Em cima da mesa estarão várias possibilidades, incluindo um spin-off do banco e posterior colocação em bolsa, como chegou a admitir o então CEO dos CTT, João Bento, em entrevista ao ECO, no início do ano passado. “Nós não somos o acionista ideal para um banco”, disse. O gestor explicou que a integração do Banco CTT no Grupo CTT dificulta, inclusivamente, a avaliação da empresa por parte dos investidores e analistas. Mesmo assim, nessa entrevista, João Bento referiu que ainda havia “alavancas de avaliação do banco” a explorar pela empresa antes de uma possível venda.
O interesse do Cajamar reforça o apetite dos bancos espanhóis pelo mercado nacional, onde nuestros hermanos já marcam presença com o Santander (ex-Totta), BPI (detido pelo Caixabank), Abanca (que acabou de comprar o Eurobic) e o Bankinter (que comprou a operação do Barclays em 2016).
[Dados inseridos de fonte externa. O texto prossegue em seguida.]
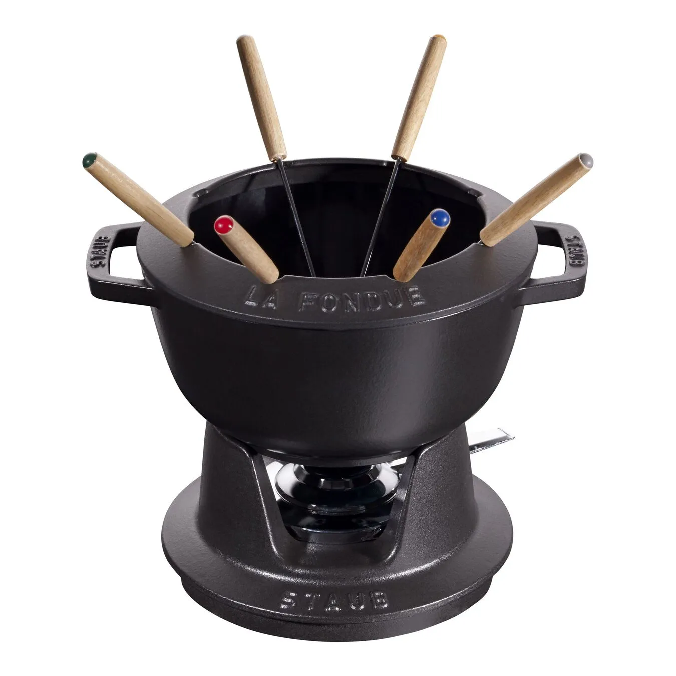 Fonduesæt i sort støbejern inkl. 6 fonduegafler. Kan bruges til bådes ost, kød og chokolade. Fonduen måler 20 cm i diameter.

Um domínio espanhol que não é bem-visto pelo Governo português.
No ano passado, o ministro das Finanças mostrou a sua oposição à possibilidade de o Caixabank avançar para a compra do Novobanco. “É do interesse do país que não haja uma excessiva concentração do setor bancário de bancos de um único país, como é o caso de Espanha”, afirmou Joaquim Miranda Sarmento há pouco mais de um ano.